Years ago, a survey taken by the National Mental Health Association which revealed that 43 percent of Americans still believe that depression is the result of a weak will or a deficit in one’s character. Many doctors also subscribe to the “defect in character” theory. Consider the observations of physician A. John Rush:
Doctors are still reluctant to make the diagnosis [of depression] because they, too, feel like, “Oh you must have done something wrong. How did you get yourself into this pickle?” which sort of means the patient is to blame. It’s okay if you have a neurological disease—Parkinson’s, Huntington’s, urinary incontinence, a busted spine because you got into an auto accident—but once you move up to the higher cortical areas, now you don’t have a disease anymore; now you have “trouble coping”; now you have a “bad attitude.”
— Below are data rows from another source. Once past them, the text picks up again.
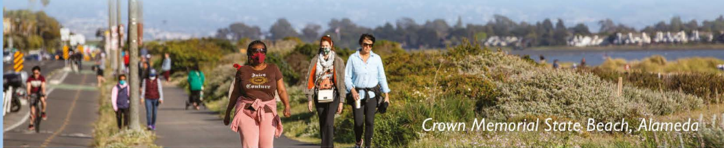
Crown Memorial State Beach, Alameda

The pandemic underscored the efficacy of our decade-long Healthy Parks Healthy People partnerships with healthcare providers prescribing nature to their patients to build health and resilience in the Regional Parks. Our extensive network of parks and trails, which provide fresh air and a place to relieve stress and strengthen connections, contributes $20 million annually towards healthcare cost savings, according to a 2017 Economic Impact Analysis.
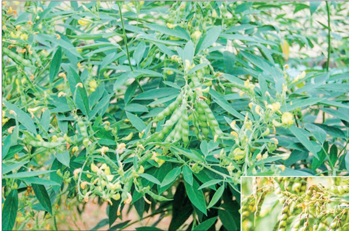
Pigeon pea plants bearing fruits in the farm.

India notified that the free import policy of black gram (urad) and pigeon pea (tur) extended up to 31 March 2024, bringing more benefits to the stockholders in the supply chain including growers and exporters. That being so, they should
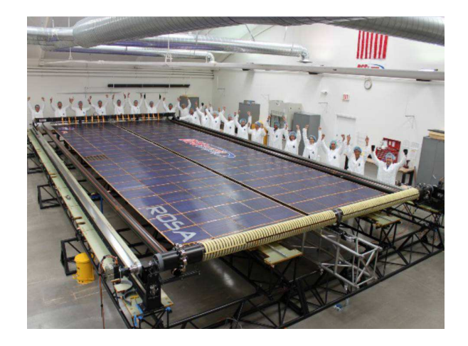
Fig. 2: UID deployed and unloaded in a thermal configuration used in a vacuum
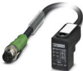
Sensor/actuator cable, 3-position, PUR, black-gray RAL 7021, Plug straight M12, A-coded, on Valve connector CI (9.4 mm), with 1 LED, connected with Z diode, connected with Z diode, cable length: 5 m

Please be informed that the data shown in this PDF Document is generated from our Online Catalog. Please find the complete data in the user's documentation. Our General Terms of Use for Downloads are valid ( http://phoenixcontact.com/download )
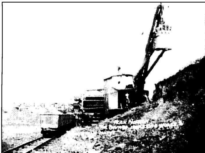
Photo 5 above. The working faces of the quarry were gradually extended northwards and west under the Adderbury-Aynho road to Navy Pit Ground; there the formation of step faulting was encountered. Step faulting is where the layers of stone are at an angle. See Photo 6 below.
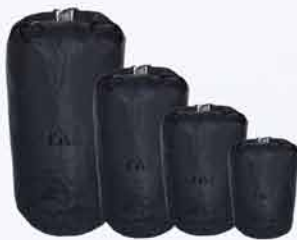
TAS DRY BAGS
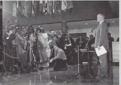
Pressconference with Hon. Bill Graham, Minister of Foreign Affairs (Canada)
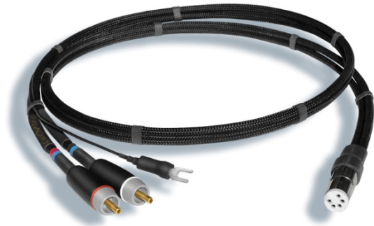
Audience Au24 SE Phono $1390/1m pr.

This new phono cable can be ordered in three different versions, with each version optimized for your cartridge's impedance. A fourth model is made for moving-magnet cartridges. The SE version sports new ultra-low mass RCA connectors with tellurium copper metallurgy. The improvement is dramatic; the Au24 SE is capable of vanishingly low noise and enticing tonal clarity. Any sense of haze is banished by the Au24 SE cable. A vivid sense of air in the treble rounds out the virtues of this outstanding performer. Note that owners of the standard Au24 can upgrade to SE status for $220 per pair. (TAS Issue Number 230)
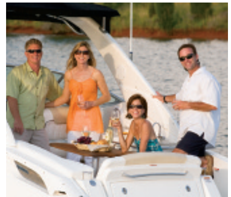
Comfort comes standard with this luxurious and open cockpit designed for sunning and entertaining.
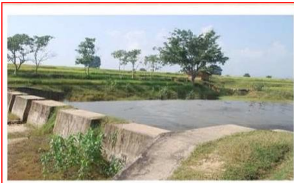
(Water treatment plant)
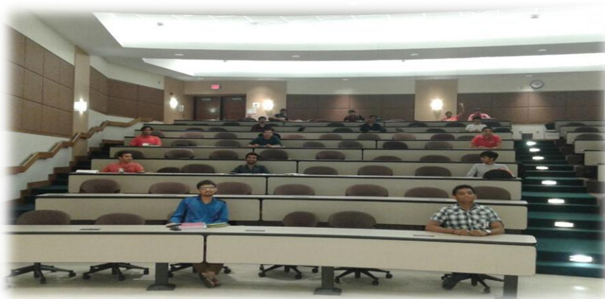
THE FIEDLER HALL, WHERE ALL THE STUDENTS GAVE THEIR REFRIGERATION EXAM. 4 EXAMS WERE CONDUCTED, 2 MIDTERMS AND 2 FINAL SEMESTERS , 1 FOR EACH SUBJECT

After the stressful exams, a trip to Wamego was organized to enjoy the Independence Day celebrations on the 4 th of July, a wonderful parade, carnival and fireworks unmatched.
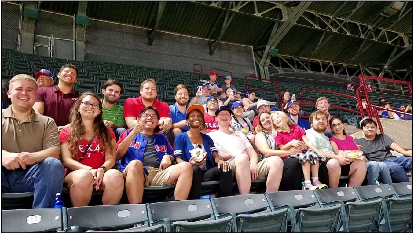
Younger Member Texas Rangers Game Outing
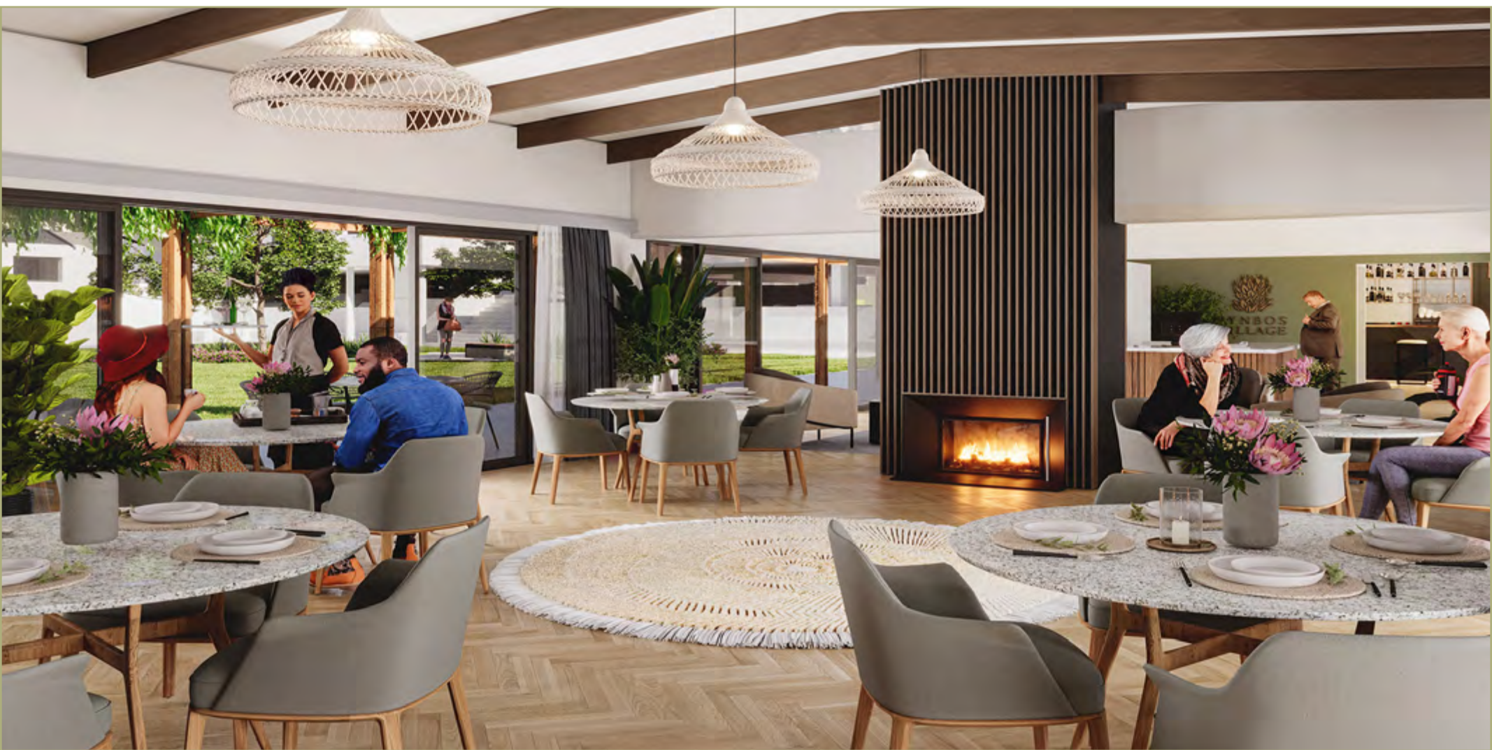
The clubhouse showing the dining and entertainment area with reception and bar in the background

Artist's impression only, for details visit: https://fynbosvillage.com/disclaimer/
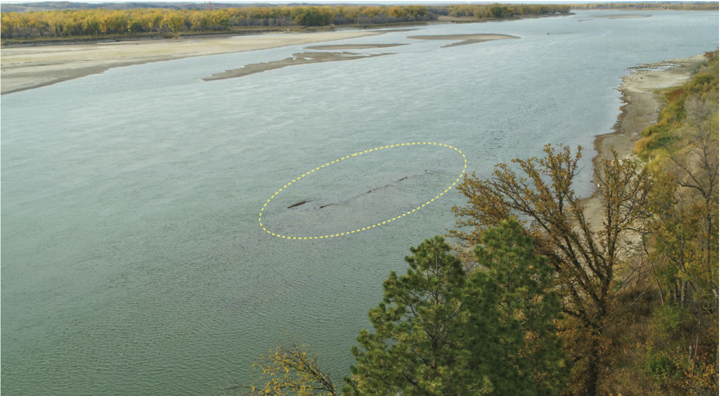
Aerial footage near the confluence of the Painted Woods Creek and the Missouri River, where the steamboat sank.

Team members from the Archaeology & Historic Preservation Division took advantage of the Missouri River's low water levels this fall to capture some truly out-of-this-world footage of the wreck of the Abner O'Neal, a 19th-century steamboat, which sank in July 1892 while ferrying wheat between Washburn and Mandan.
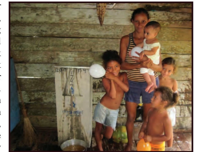
Helping save lives

hour when it seemed we would need to close things down, the Lord provided. God provided through our partners - faithful individuals from the U.S. and Canada, young adults groups, church congregations and our friends at Thirst Relief International. www.thirstrelief.org Giving clean water may seem insignificant but I can testify that through this partnership many people have been touched, prayed for, ministered to and saved. We still need partners for this project. Donations can be made through the Xingu mission website or through ThirstRelief's website. Just specify Brazil. Thank you for being a partner and please know that you are making a difference.
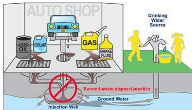
Figure 3: Allowing shop fluids to flow into groundwater is against the law [12].
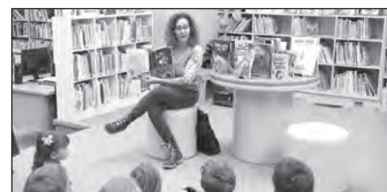
Boissevain Library received $3,650 to update furniture
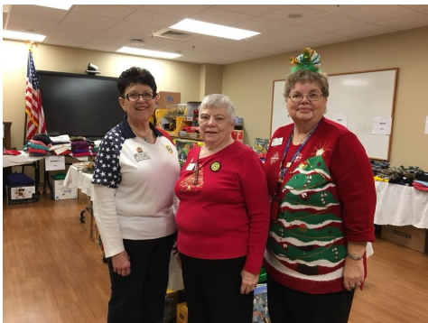
Left: Sioux Falls VA
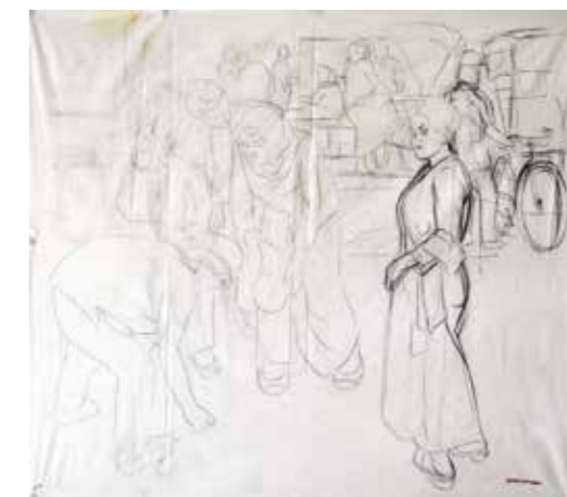
Kota Bharu Market unfinished batik.

Ismail Mat Hussin & Kwan Chin Kota Bharu Market, 2014 Batik 106 x 113 cm RM 8,000 - RM 16,000 KLAS Art Auction 15 April 2018 Sale XXXI
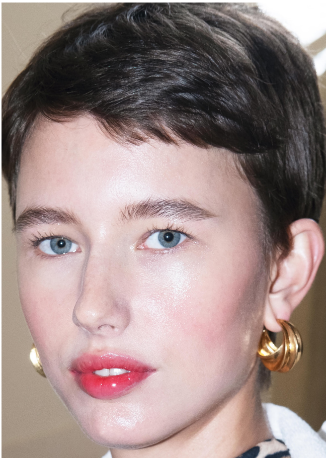
nora (hoops), 2021 fine art inkjet print edition of five 38 x 53,2 cm
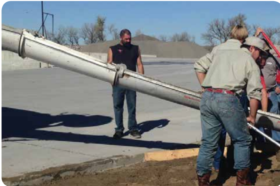
Mid Plains Community College Decorative Concrete Seminar put on by our Ready-Mix division at the North Platte Paulsen Inc. plant.

We did sponsor a decorative concrete seminar for the Mid Plain Community College in North Platte on October 26th. We had about a dozen students from the construction program come over to the plant and learn about coloring and stamping concrete with a hands on demonstration. It was very well received by
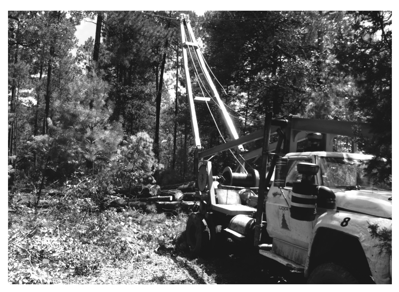
Fig. 1 Jammer with one reel, which is the type commonly used in timber harvesting operations in Mexico

C. Hernández-Díaz et al. Impacts of Forest Roads on Soil in a Timber Harvesting Area in Northwestern Mexico... (259–267)
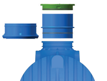
Extension of an inspection chamber with rings or telescopic extensions

I believe that the stigma surrounding depression arises from living in a culture where feelings of vulnerability are considered weak and unacceptable. This is especially true for men who are raised with the injunction that “big boys don’t cry”—i.e., it is not okay for men to be vulnerable and show their feelings. This fear of being seen (by themselves and others) as vulnerable and weak, leads many men to lose touch with their own feelings and to avoid being in situations where strong emotion may be present. For example, a good male friend who avoided me during my episode later confided, “When you were depressed, I was afraid to be around you for fear that I might ‘catch’ your depression.” What he meant was that being in my presence might cause him to tap into his own latent depression, a proposition that was so uncomfortable, he had to split.
The Challenge of Being a Nobody
For many people, the stigma of being depressed is compounded by shame and guilt about not being a “productive member of society.” The depressed person may become a “nobody” when his disability makes him unable to work or to earn a living. How, then, does an individual measure his self-worth when he or she is not working or producing?
This is the question I asked myself as I struggled to come to terms with not living up to the expectations of my cultural programming. I was the first-born son, raised in an upwardly mobile middle-class Jewish community where competition for entrance into Ivy League schools began in the third grade. Unlike my Catholic friends, who attended a nearby parochial school and were taught to avoid “the seven deadly sins,” I learned that there was only one deadly sin—“not living up to one’s potential.” This potential, of course, was very specifically defined—unless you became a doctor, a lawyer, or ran your father’s business, you were considered a failure. There were, of course, exceptions. One could always teach at Harvard, make a fortune on Wall Street or win the Nobel Prize. As long as the gods of Status and Recognition were served, our parents and teachers would be happy.
Lacking money, power and prestige (the standards by which I was raised to judge myself), my sense of failure and inadequacy plagued me during my episode. One day, I was invited to a potluck dinner, where I met an attractive woman who had just been hired as a professor at the prestigious Reed College, having obtained her Ph.D. from Harvard. After describing her exploits in great detail, she asked the dreaded question, “And what do you do for a living?”
I paused for a moment to contemplate my response. Recalling my father’s injunction to always tell the truth, I responded, “I attend day treatment and collect disability income.”
The woman looked at me with a mixture of bemusement and pity before making a discrete exit. I felt as if someone had placed a name tag on my shirt—the kind you get when you attend a singles group or a self-help seminar—that read “Worthless.”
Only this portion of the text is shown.